### THE DATA
Start of Block
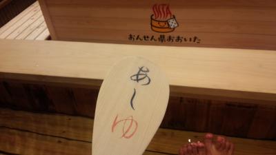 きれいな足湯でモニターに映る大分PRビデオの猿の冒険が面白くて、見入っている間に足がポカポカして気持ちよかった。- 旅行時期
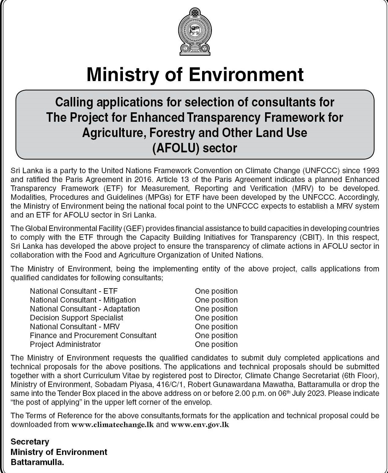National Consultant ,Decision Support Specialist, Project Administrator - Ministry of Environment
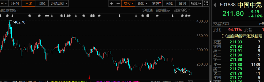 近3个交易日收盘价创年内最低的有泛微网络、宇通客车、苏宁易购、中国中免等,作为中国最大的免税店龙头,中国中免11月25日收盘价211.8元,受业绩不及预期以及其它原因的拖累,公司自2月中旬股价创历史新高以来一路震荡走低。
End of Block
### REQUIREMENT
The required output is each line above restated verbatim, with all images omitted.

### ANSWER TO THIS TASK
 きれいな足湯でモニターに映る大分PRビデオの猿の冒険が面白くて、見入っている間に足がポカポカして気持ちよかった。- 旅行時期
National Consultant ,Decision Support Specialist, Project Administrator - Ministry of Environment
 近3个交易日收盘价创年内最低的有泛微网络、宇通客车、苏宁易购、中国中免等,作为中国最大的免税店龙头,中国中免11月25日收盘价211.8元,受业绩不及预期以及其它原因的拖累,公司自2月中旬股价创历史新高以来一路震荡走低。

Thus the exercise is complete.